◆ WHAT IS EXPECTED
Print the lines below from the line with "- Khi thời điểm" to the line with "Comparator Module: It" exactly, keeping both ends, and print no pictures.

--- GIVEN ENTRIES Enclosed Below ---

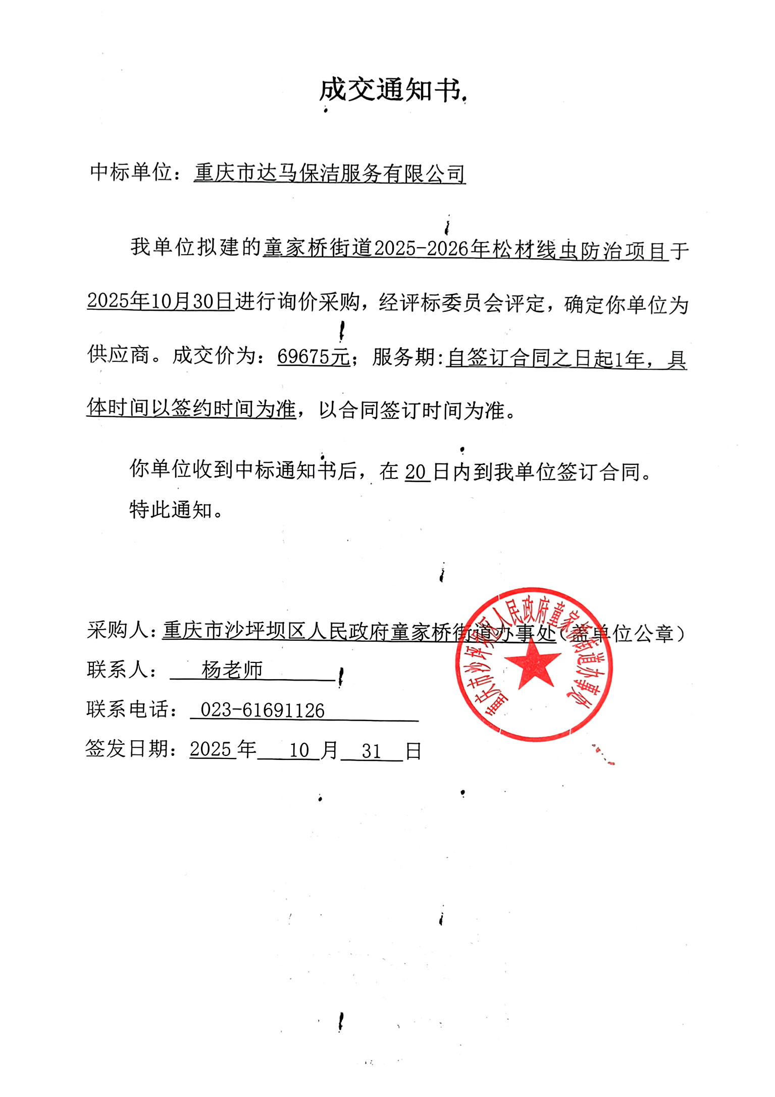 | 名称: | 童家桥街道2025-2026年度松材线虫防治项目成交通知书 | ||||
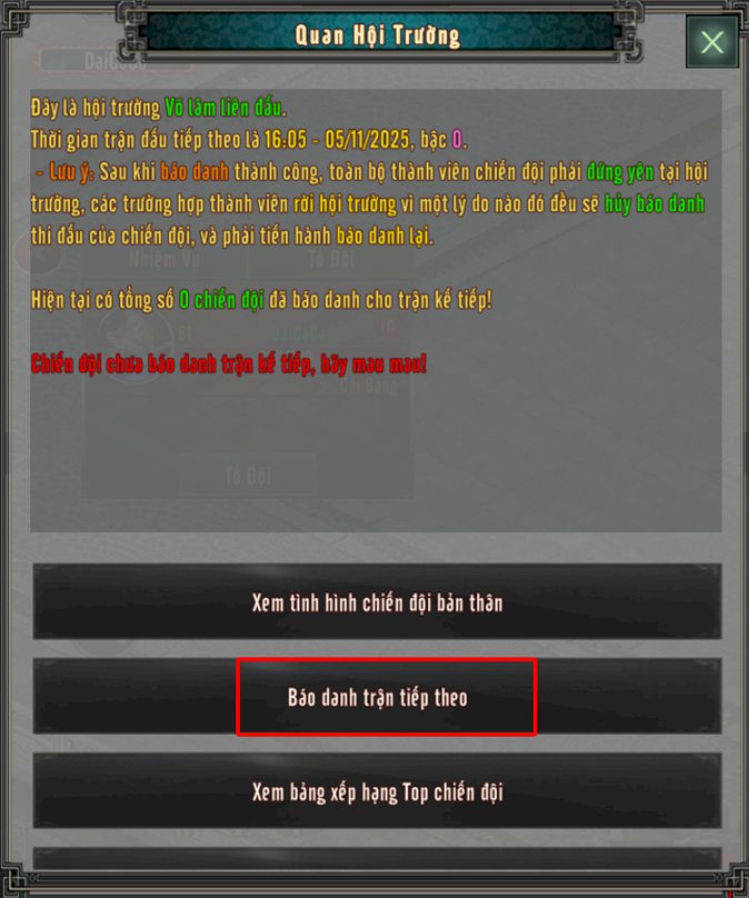 - Khi thời điểm các trận đấu bắt đầu, tới gặp NPC Quan Hội Trường để tiến đăng ký thi đấu ( Lưu ý phải tạo đội mới được quyền báo danh trận tiếp theo )
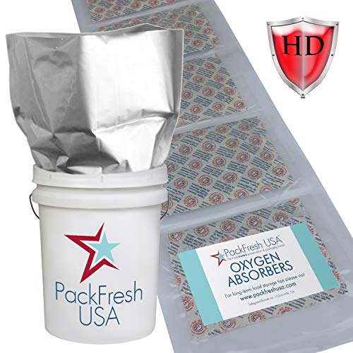 5 Gallon Heavy Duty Mylar bags with 2000cc oxygen absorbers Individually Sealed (6) with PackFreshUSA LTFS Guide
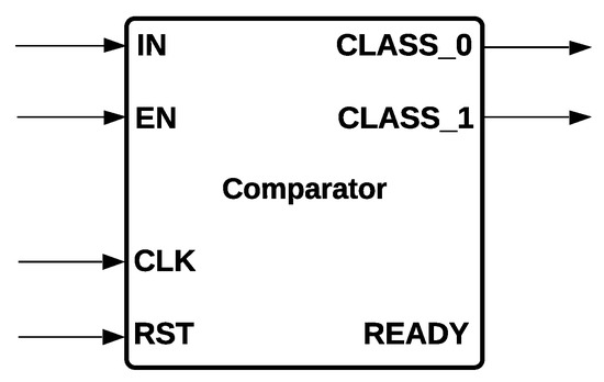Comparator Module: It is the common component of MLP and Logistic Regression that determines the class to be activated: class zero or class one. The module has one data input; one store value; three control signals, EN, RST, and READY; and two outputs, CLASS_0 and CLASS_1, that are determined depending on the input signals. CLASS_0 is activated if the input is bigger than ; if not, CLASS_1 is activated. The comparator module is shown in Figure 6. We remark that a comparator is also used for Decision Trees and SVM. However, their implementation is slightly different; for example, in Decision Tree, there are two outputs that activate the left or right node, respectively, whereas SVM implements two comparators for forming a Hard Margin.
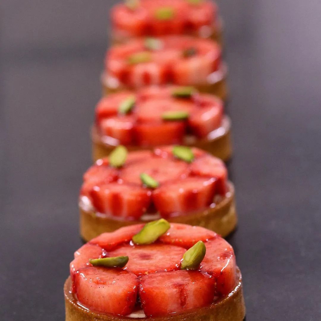 提示:↑点击上方"世界烘焙配方"快速关注cription-url="https://mmbiz.qpic.cn/mmbiz_jpg/PR7JPt3C5zawKVqAvnVjgkJkKicO3wLSfvxkngAAoDWUqJLBBmuPX3tz9EErvItMfV2IGR6HnCYhZnibRA6KM6Ww/0?wx_fmt.jpeg" data-cropselx1="0" data-cropselx2="578" data-cropsely1="0" data-cropsely2="655" data-ratio="1" data-s="300,640" src="http://www.yinpinjie.com/file/upload/202301/30/115618361.jpeg" data-type="jpeg" data-w="1080" />今天的配方是chefMickaël Ligey(下图左)带来了满足你对樱桃一切欲望的“樱桃杏仁挞”,绝不止表面这么一丢丢哦!f95p☜今日配方下载提取码每天20:30更新,每篇文末左下角“阅读原文”点击进入均可下载当日配方、视频或图片文件,省去大家自己复制黏贴的麻烦,配方文件无任何水印设置;“提取码”因近日度娘抽风搞怪,暂不提供无码下载服务,只能按她的规矩来,所以下载之前先把这个“提取码”复制一下~另外,部分地区可能因为某些不可抗原因导致无法直接点击阅读原文,可以在文末的【置顶留言】中找到链接和提取码。樱桃杏仁挞TARTELETTE CERISE ET AMANDEByMickaël Ligey配方量:6个甜挞皮/挞壳(提前1天制作)【587克】140克……黄油110克……红糖/赤砂糖270克……T55面粉 2克……海盐 65克……全蛋制作:1、将黄油与红糖搅拌均匀后加入面粉和海盐。2、搅拌至整体呈松散砂砾状时,将全蛋液加入搅拌至呈面团状,倒在工作台上手动整理成均匀厚度方块状,保鲜膜密封冷藏隔夜。3、擀压至均匀的3毫米厚度,裁切并捏入直径7厘米的挞模内,冷冻1小时后,入烤箱以160松散的烘烤15分钟。杏仁打发甘纳许(提前1天制作)【387克】250克……35%淡奶油 50克……烤熟的杏仁 80克……杏仁灵感巧克力(法芙娜) 1克……吉利丁粉 6克……冷水制作:1、将液态淡奶油与烤熟的杏仁一起混合加热煮沸,充分搅拌后离火加盖闷浸20分钟,过滤后加入适量淡奶油将液体重量补足至250克。2、再次加热后倒在巧克力上,充分搅拌乳化。3、加入吉利丁冻(吉利丁粉溶于冰水中静置至少10分钟)拌融,冷藏隔夜。樱桃卡仕达【306克】180克……淡奶油 50克……牛奶 60克……蛋黄 15克……细砂糖 1个……香草荚适量克……樱桃制作:1、将淡奶油、牛奶和香草荚(剖开刮籽)加热后冲入提前打散的蛋黄和细砂糖中,拌匀后倒回锅中中小火继续较热并保持不间断搅拌至83℃,过滤。2、将樱桃去核切半扣在挞壳底部,然后将卡仕达酱挤在挞壳内至满模具(烘烤时会隆起,冷却后会稍凹下去一点)。3、入烤箱以160℃烘烤约30分钟,出炉冷却待用。樱桃果冻【114克】100 克……樱桃果泥 2 克……吉利丁粉 12 克……冷水制作:1、将樱桃果泥加热,放入吉利丁冻(吉利丁粉溶于冰水中静置至少10分钟)拌融,冷藏3小时。2、冷藏取出,搅打后装入裱花袋,挤入冷却的挞内至满挞壳高度,抹平,冷冻,剩余的樱桃果冻继续冷藏待用于最后装饰。焦糖杏仁【150克】50克……水50克……砂糖50克……杏仁条(d'amandes en bâtons,下图)制作:1、将水和砂糖煮沸,放入杏仁条(脱皮杏仁纵向切条状)继续加热保持沸腾1分钟。2、倒在烤盘上的网架上入烤箱以160℃烘烤15分钟至杏仁表面充分焦糖化。组装&装饰10个……樱桃制作:1、将冷藏的杏仁甘纳许打发至奶油状,装入裱花袋用圣安娜花嘴以“之”字型挤在挞表面。2、缝隙处适当挤几滴冷藏的“樱桃果冻”。3、最后将切半的樱桃(刷镜面果胶)和“焦糖杏仁”装饰在表面。喜欢原汁原味继续CHEF的法语版f95p☜今日配方下载提取码每天20:30更新,每篇文末左下角“阅读原文”点击进入均可下载当日配方、视频或图片文件,省去大家自己复制黏贴的麻烦,配方文件无任何水印设置;“提取码”因近日度娘抽风搞怪,暂不提供无码下载服务,只能按她的规矩来,所以下载之前先把这个“提取码”复制一下~另外,部分地区可能因为某些不可抗原因导致无法直接点击阅读原文,可以在文末的【置顶留言】中找到链接和提取码。TARTELETTE CERISE ET AMANDEPar Mickaël Ligeypour: 6 tartelettesPÂTE SUCRÉE À LA VERGEOISE (LA VEILLE)140 g de beurre110 g de vergeoise brune270 g de farine T55 2 g de fleur de sel 65 g d'œufss entiersProcédé:1.Mélangez le beurre et la vergeoise, puis ajoutez la farine et la fleur de sel.2.Quand le mélange est sablé, ajoutez les œufs, mélangez puis frasez sur le plan de travail avec la paume de la main. Réservez une nuit au frais.3.Étalez à 3 mm d'épaisseur, foncez des cercles à tarte de 7 cm de diamètre. Laissez 1 h au congélateur puis cuisez 15 min à 160℃ à blanc.GANACHE MONTÉE À L'AMANDE (LA VEILLE)250 g de crème à 35% de matière grasse 50 g d'amandes torréfiées 80 g de chocolat inspiration amande 1 g de gélatine en poudre 6 g d'eauProcédé:1.Chauffez la crème et les amandes. Mixez puis laissez infuser 20 min hors du feu et à couvert. Repesez pour revenir au poids initial de crème demandé.2.Chauffez à nouveau, versez sur le chocolat, mixez.3.Ajoutez la masse de gélatine ( la poudre gonflée dans l'eau froide au frais) et réservez au frais pour la nuit.CRÈME FAÇON CUSTARD180 g de crème 50 g de lait 60 g de jaunes 15 g de sucre 1 u gousse de vanille qs g de cerisesProcédé:1.Chfuffez le lait et la crème avec la vanille, versez sur les jaunes déjà fouettés avec le sucre. Remettez-le tout à cuire comme une crème anglaise à 83℃.Chinoisez.2.Déposez en rosace des demi-cerises sur les fonds de tarte puis coulez l'appareil à hauteur (il va s'affaisser un peu à la cuisson).3.Cuissez 30 min à 160℃.ConFIT DE CERISES100 g de purée de griottes 2 g de gélatine en poudre 12 g d'eauProcédé:1.Chauffez la purée de cerise

--- End of Enclosed GIVEN ENTRIES ---

◆ RESPONSE BOX
 - Khi thời điểm các trận đấu bắt đầu, tới gặp NPC Quan Hội Trường để tiến đăng ký thi đấu ( Lưu ý phải tạo đội mới được quyền báo danh trận tiếp theo )
 5 Gallon Heavy Duty Mylar bags with 2000cc oxygen absorbers Individually Sealed (6) with PackFreshUSA LTFS Guide
Comparator Module: It is the common component of MLP and Logistic Regression that determines the class to be activated: class zero or class one. The module has one data input; one store value; three control signals, EN, RST, and READY; and two outputs, CLASS_0 and CLASS_1, that are determined depending on the input signals. CLASS_0 is activated if the input is bigger than ; if not, CLASS_1 is activated. The comparator module is shown in Figure 6. We remark that a comparator is also used for Decision Trees and SVM. However, their implementation is slightly different; for example, in Decision Tree, there are two outputs that activate the left or right node, respectively, whereas SVM implements two comparators for forming a Hard Margin.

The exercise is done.